Additionally, IPV and ACEs may manifest as psychological (e.g., harsh verbal/coercive control IPV or verbal/emotional childhood abuse) or physical in nature. Isolating profiles of risk associated with these distinct experiences and characteristics may help to identify targets for prevention and intervention. For instance, adult IPV is generally threatening in nature. Therefore, IPV and threat-related ACEs may have similar psychosocial and mental health correlates. Gaining insight into how different patterns and characteristics of exposure to ACEs and IPV impact maternal functioning during pregnancy may have implications for how best to support these women.
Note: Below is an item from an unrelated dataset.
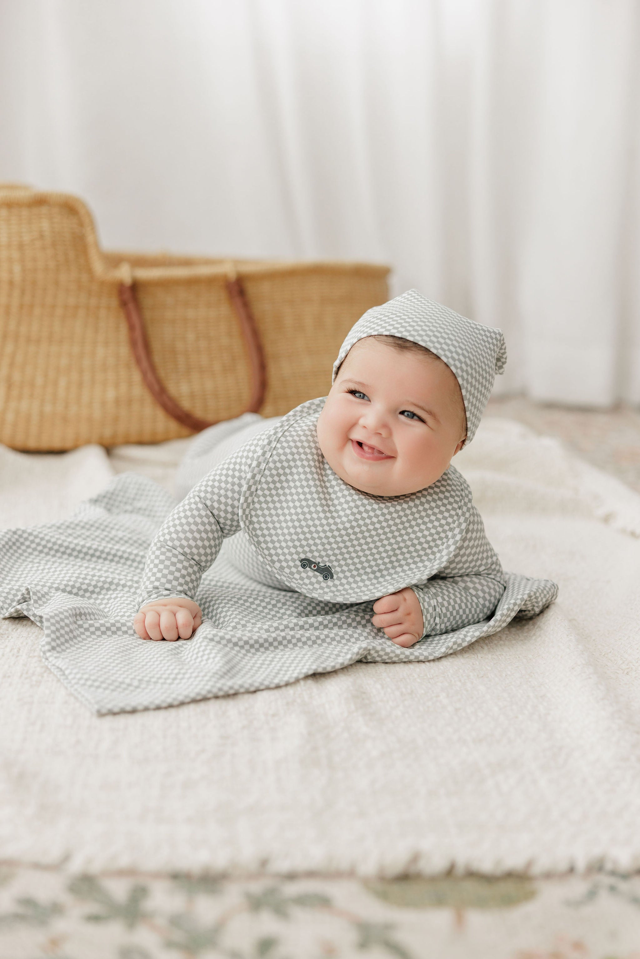Designed to pair with the matching footie from this collection or perfect on its own. The checked pattern and race car detail give it a sweet, sporty feel while keeping baby comfortable.

One approach for exploring the various permutations of ACEs and IPV is by way of person-centered analytic methods. Unlike variable-centered methods (e.g., factor analysis) that isolate the variance of indicators on specific outcomes, person-centered methods, such as latent profile analysis, establish probabilistically determined subgroups of individuals based on a set of indicators, which may be differentially associated with outcomes. Thus, unlike variable-centered approaches in which variables are the units of analysis and the inter-relationships among variables within a sample are assumed to hold steady, person-centered methods use the individual as the unit of analysis and thus are capable of detecting interindividual differences (Bergman, Magnusson, & El Khouri, 2003; McCutcheon, 1987). This may be especially useful for clarifying the independent or cumulative effects of ACEs and IPV, either of which may be characterized by deprivation or threat and psychological or physical features. Indeed, person-centered models have shown utility for determing whether outcomes differ across patterns of exposure (Cavanaugh et al., 2012); however, this approach has not been used to examine patterns of ACEs, IPV, and characteristics of these experiences in a sample of pregnant women. Person-centered approaches can be especially useful for synthesizing information across multiple risk factors that may lead to improved clinical decision making about targeted interventions.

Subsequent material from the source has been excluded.